• YOUR INSTRUCTIONS:
Copy exactly the lines of the records below, and only those lines, beginning with the line that contains "Excitement Brand Personality" and ending with the line that contains "Bandai's toy catalog".

• INFORMATION SHOWN:

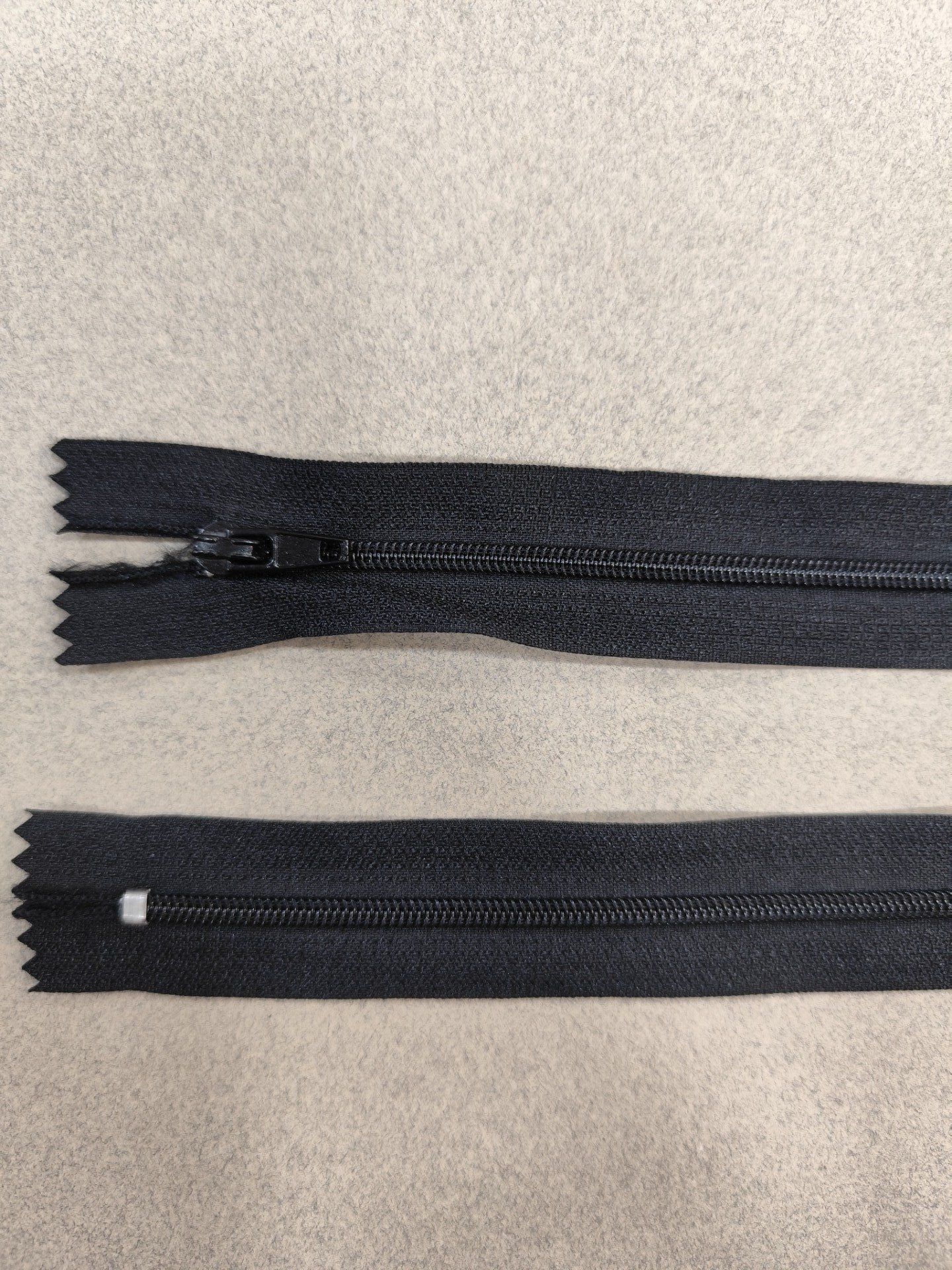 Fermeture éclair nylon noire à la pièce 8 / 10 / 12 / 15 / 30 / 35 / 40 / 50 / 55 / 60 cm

---

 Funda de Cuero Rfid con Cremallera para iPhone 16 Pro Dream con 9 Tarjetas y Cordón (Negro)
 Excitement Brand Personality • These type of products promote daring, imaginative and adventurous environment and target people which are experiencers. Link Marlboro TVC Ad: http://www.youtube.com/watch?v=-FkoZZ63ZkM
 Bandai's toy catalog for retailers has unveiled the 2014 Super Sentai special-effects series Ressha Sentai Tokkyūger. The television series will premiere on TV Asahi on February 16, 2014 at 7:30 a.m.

...

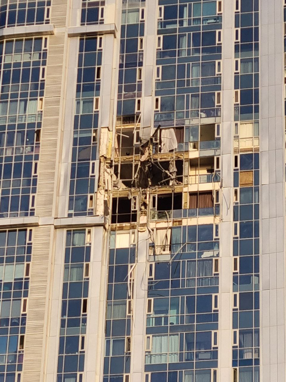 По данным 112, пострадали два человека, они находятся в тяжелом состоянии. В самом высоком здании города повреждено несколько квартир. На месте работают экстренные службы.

• EXERCISE RESPONSE:
 Excitement Brand Personality • These type of products promote daring, imaginative and adventurous environment and target people which are experiencers. Link Marlboro TVC Ad: http://www.youtube.com/watch?v=-FkoZZ63ZkM
 Bandai's toy catalog for retailers has unveiled the 2014 Super Sentai special-effects series Ressha Sentai Tokkyūger. The television series will premiere on TV Asahi on February 16, 2014 at 7:30 a.m.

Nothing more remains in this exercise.